YOUR ASSIGNMENT
The listing below should be written out word for word, with its pictures removed.

AVAILABLE DATA
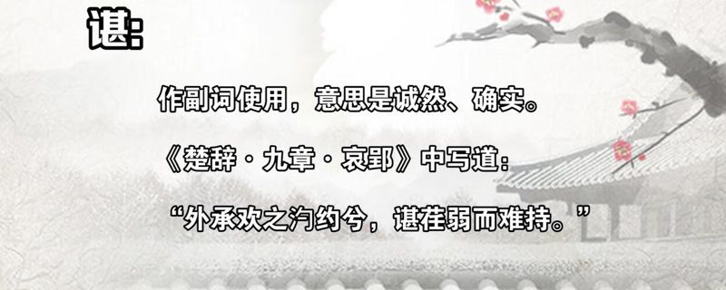 2、作为副词使用,意思是诚然、确实。《楚辞·九章·哀郢》中写道:“外承欢之汋约兮,谌荏弱而难持。”
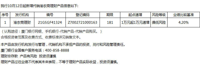 廈門銀行10月12日代銷渝農(nóng)商理財(cái)產(chǎn)品信息
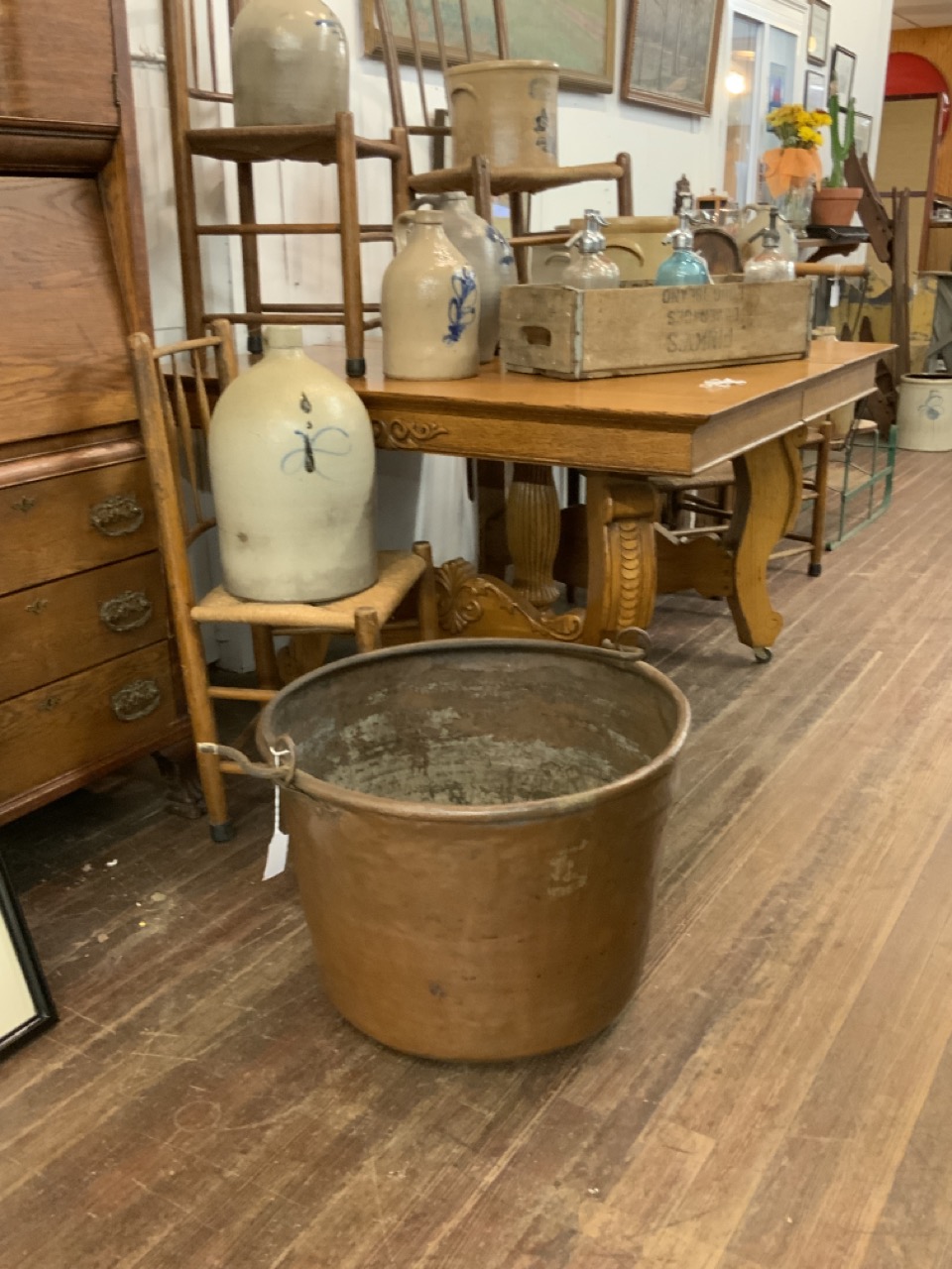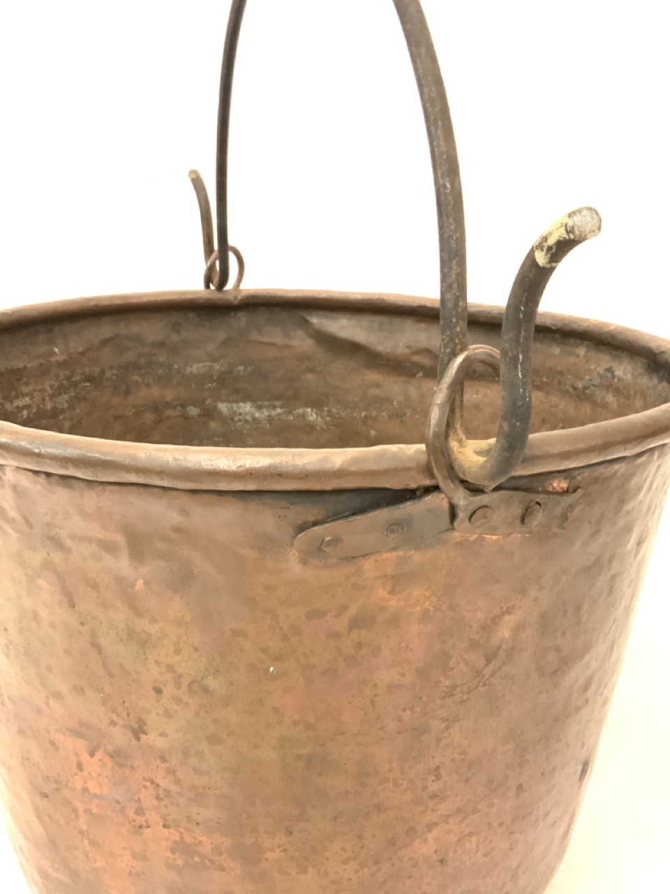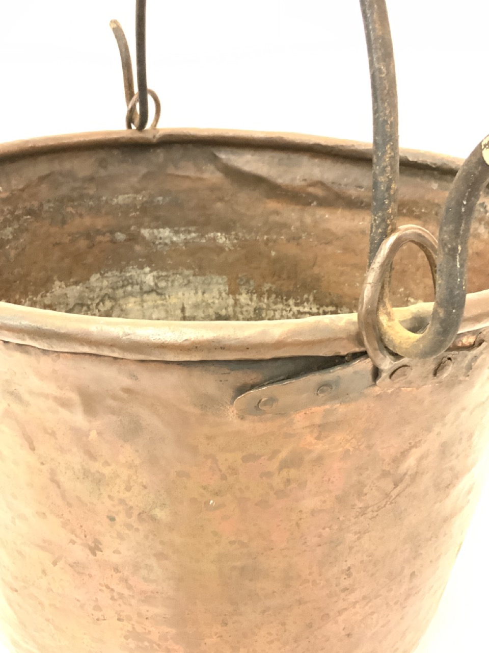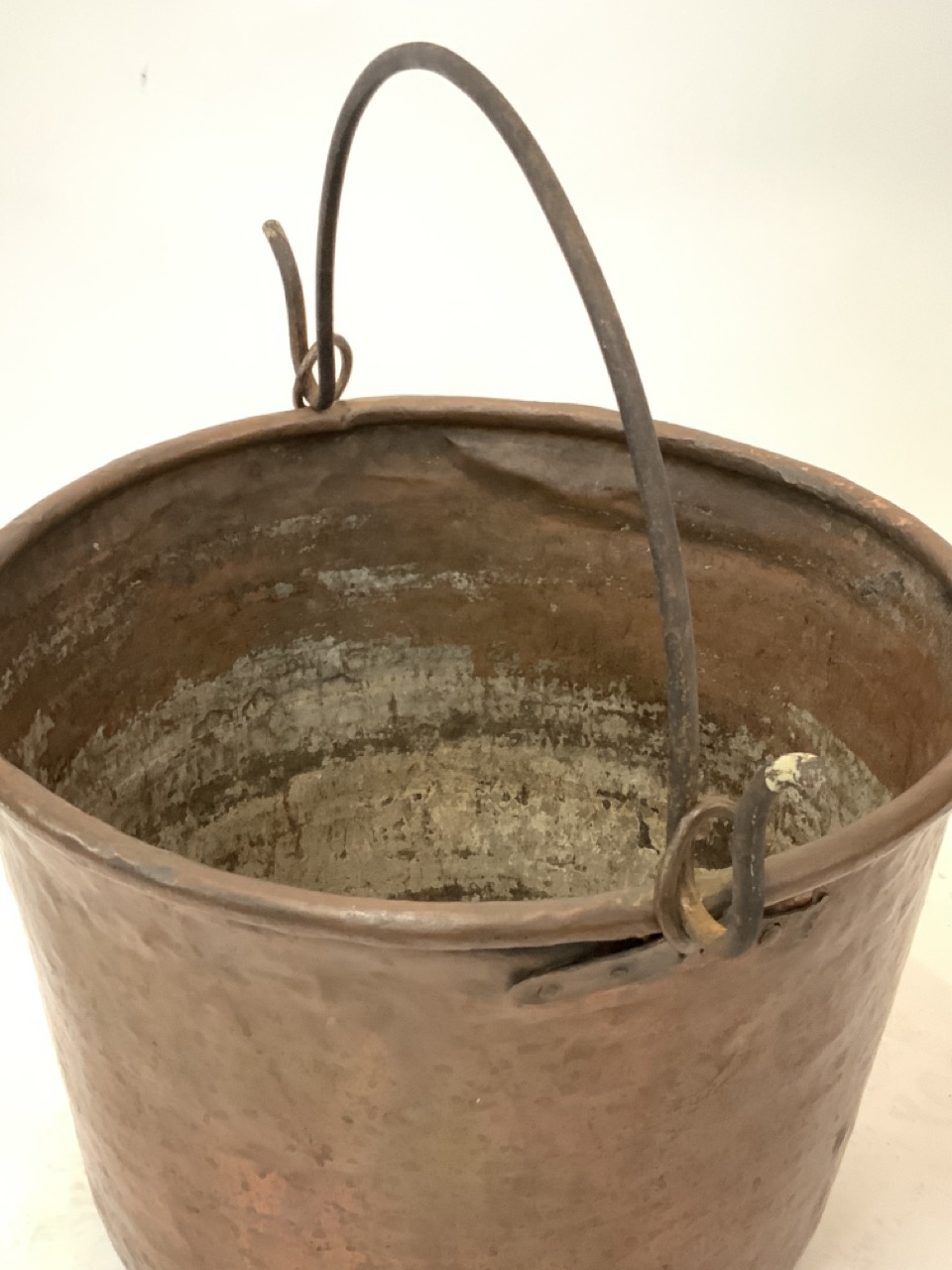 19th century copper pail or cauldron with iron handle.

REPLY
 2、作为副词使用,意思是诚然、确实。《楚辞·九章·哀郢》中写道:“外承欢之汋约兮,谌荏弱而难持。”
 廈門銀行10月12日代銷渝農(nóng)商理財(cái)產(chǎn)品信息
 19th century copper pail or cauldron with iron handle.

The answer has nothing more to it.